Spesso, gli ammortizzatori che funzionano male o difettosi passano inosservati perché sono soggetti a un’usura lenta e graduale, che il guidatore non nota quasi mai. Con ammortizzatori difettosi, ad esempio, la probabilità di un ribaltamento in situazioni pericolose aumenta notevolmente, come dimostra il test dell’alce). I seguenti segni possono indicare un difetto:

  • Ampie oscillazioni a veicolo fermo (se lo si spinge verso il basso nella zona del cofano)
  • Continuo oscillamento dopo un dosso o irregolarità stradale
  • Scricchiolii o rumoni strani dopo un’irregolarità
  • Macchie d’olio o zone umide lungo gli ammortizzatori
  • Usura irregolare degli preumatici
  • Forte “impuntamento” del veicolo in fase di frenata, al contrario in fase di accellerazione
  • “Imbarcamento” marcato in curva
  • Reazioni imprevedibili con vento trasversale
  • Aquaplaning

Posso far controllare o testare i miei ammortizzatori?

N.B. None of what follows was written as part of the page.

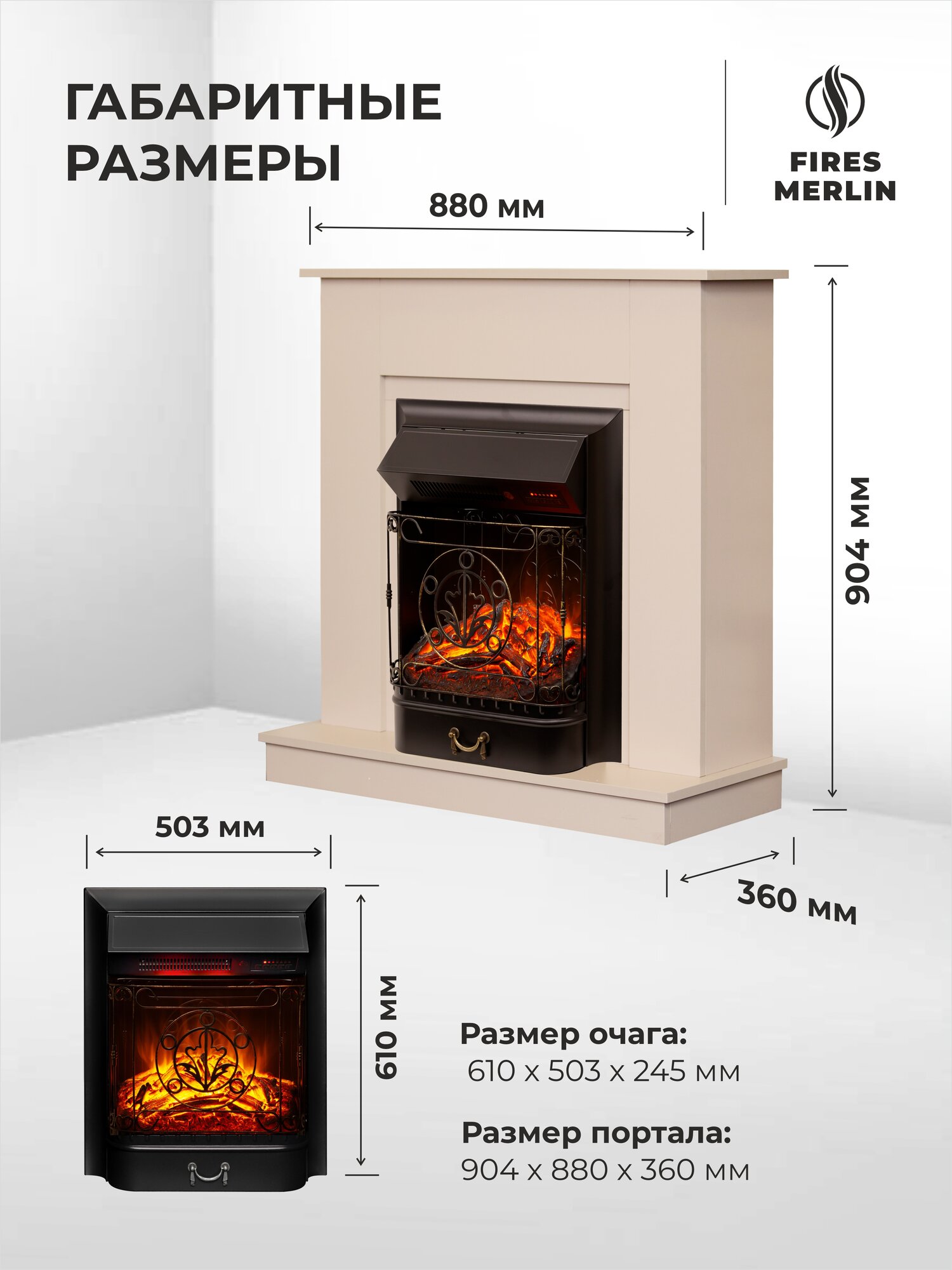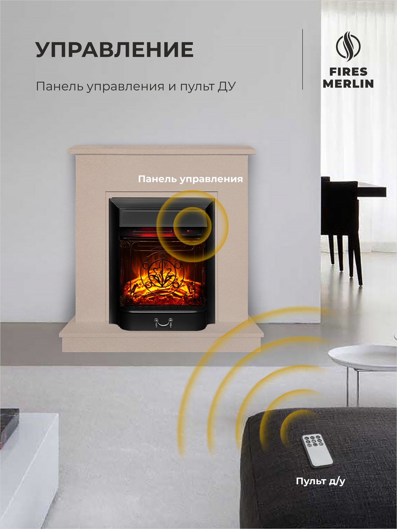 СохранитьКамин электрический Fires Merlin Nord BG бежевый с очагом, пульт ДУ, с обогревом, эффект живого пламени интересное:

A volte anche una piccola causa può avere un grande effetto: La pressione dell’aria è corretta su tutte e quattro le ruote? Soprattutto dopo il classico passaggio dalle ruote estive a quelle invernali (e viceversa) il primo passo dovrebbe essere proprio cntrollare la pressione delle gomme.

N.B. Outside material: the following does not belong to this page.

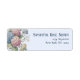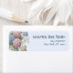 A return address label featuring delicate hydrangea flowers in shades of dusty rose, light purple, and blue on a dusty blue background.

Se la pressione dell’aria è impostata correttamente e l’auto rimane ancora male sulla strada, si dovrebbe fare un test degli ammortizzatori. 

Un’officina con gli strumenti adatti è in grado di eseguire un test standardizzato e soddisfacente. I prezzi sono trasparenti l’importo è notevolmente inferiore ai costi di una revisione generale.

Consiglio 

Se sai che i tuoi ammortizzatori hanno un difetto, non portare l’auot ad una revisione: nel migliore dei casi, l’auto non passa la revisione. Nel peggiore, sarai costretto a sostituire i pezzi rovinati e rifare la revisione pagandola due volte.

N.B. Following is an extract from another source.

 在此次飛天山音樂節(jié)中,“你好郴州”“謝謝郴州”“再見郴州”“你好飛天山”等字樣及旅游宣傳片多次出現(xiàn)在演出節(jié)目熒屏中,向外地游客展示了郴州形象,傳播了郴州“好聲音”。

Per quanto tempo posso continuare a guidare con un ammortizzatore danneggiato?

Per motivi di sicurezza, è meglio fermare il veicolo: gli ammortizzatori difettosi rappresentano un elevato rischio per la sicurezza e devono essere sostituiti immediatamente.

Sostituzione dell’ammortizzatore (asse anteriore)

Quando e con quale frequenza deve essere cambiato l’ammortizzatore?

Non è possibile stabilire un moment preciso: Le cause di un difetto dell’ammortizzatore sono principalmente l’usura legata al chilometraggio, i danni alla strada, l’affaticamento del materiale, il carico errato o un incidente. Di norma, l’ammortizzatore perde nel tempo, cosa che si nota da un lato per il rumore e dall’altro per un comportamento di guida chiaramente deteriorato.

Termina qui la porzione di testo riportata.